[[ DATA TO EXAMINE, beginning ]]

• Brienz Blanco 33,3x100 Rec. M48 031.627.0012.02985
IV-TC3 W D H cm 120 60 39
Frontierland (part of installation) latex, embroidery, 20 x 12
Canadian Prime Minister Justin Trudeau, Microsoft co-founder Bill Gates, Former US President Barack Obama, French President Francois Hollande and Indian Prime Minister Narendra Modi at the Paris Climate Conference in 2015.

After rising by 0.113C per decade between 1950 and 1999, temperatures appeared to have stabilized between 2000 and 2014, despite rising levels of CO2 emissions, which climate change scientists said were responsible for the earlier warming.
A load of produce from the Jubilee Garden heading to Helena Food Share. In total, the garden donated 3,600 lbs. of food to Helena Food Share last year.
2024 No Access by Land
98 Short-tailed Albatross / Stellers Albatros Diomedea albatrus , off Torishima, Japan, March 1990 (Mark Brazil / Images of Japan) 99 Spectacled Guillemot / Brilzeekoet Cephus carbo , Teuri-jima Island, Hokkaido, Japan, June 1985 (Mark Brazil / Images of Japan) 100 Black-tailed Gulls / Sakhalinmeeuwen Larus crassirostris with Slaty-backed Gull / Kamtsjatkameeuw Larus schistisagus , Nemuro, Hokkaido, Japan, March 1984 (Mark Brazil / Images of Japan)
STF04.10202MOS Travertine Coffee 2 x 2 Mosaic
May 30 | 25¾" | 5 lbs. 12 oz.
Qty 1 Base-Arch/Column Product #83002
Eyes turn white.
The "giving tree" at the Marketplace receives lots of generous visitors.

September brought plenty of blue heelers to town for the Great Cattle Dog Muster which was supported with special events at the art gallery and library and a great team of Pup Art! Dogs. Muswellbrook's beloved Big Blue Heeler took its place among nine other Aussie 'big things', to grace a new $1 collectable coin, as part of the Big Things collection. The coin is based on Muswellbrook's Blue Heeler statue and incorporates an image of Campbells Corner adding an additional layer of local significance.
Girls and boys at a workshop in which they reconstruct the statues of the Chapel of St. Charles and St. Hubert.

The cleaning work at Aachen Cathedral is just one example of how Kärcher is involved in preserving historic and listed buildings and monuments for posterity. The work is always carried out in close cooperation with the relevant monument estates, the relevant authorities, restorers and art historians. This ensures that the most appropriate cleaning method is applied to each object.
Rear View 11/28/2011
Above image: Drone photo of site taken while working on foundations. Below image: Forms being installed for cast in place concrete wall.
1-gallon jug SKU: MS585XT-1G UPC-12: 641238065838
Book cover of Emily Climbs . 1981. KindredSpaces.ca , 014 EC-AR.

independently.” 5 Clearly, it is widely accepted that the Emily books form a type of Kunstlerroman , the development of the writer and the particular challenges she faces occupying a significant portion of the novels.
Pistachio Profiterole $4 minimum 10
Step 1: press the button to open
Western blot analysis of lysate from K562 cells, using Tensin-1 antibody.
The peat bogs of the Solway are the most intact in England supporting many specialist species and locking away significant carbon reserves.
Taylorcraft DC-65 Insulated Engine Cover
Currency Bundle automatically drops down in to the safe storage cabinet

[[ DATA TO EXAMINE, end ]]

• _EXERCISE OBJECTIVE_:
When a line in the records above holds "from", that line is to be reported.

• _TASK RESULT_:
A load of produce from the Jubilee Garden heading to Helena Food Share. In total, the garden donated 3,600 lbs. of food to Helena Food Share last year.
Western blot analysis of lysate from K562 cells, using Tensin-1 antibody.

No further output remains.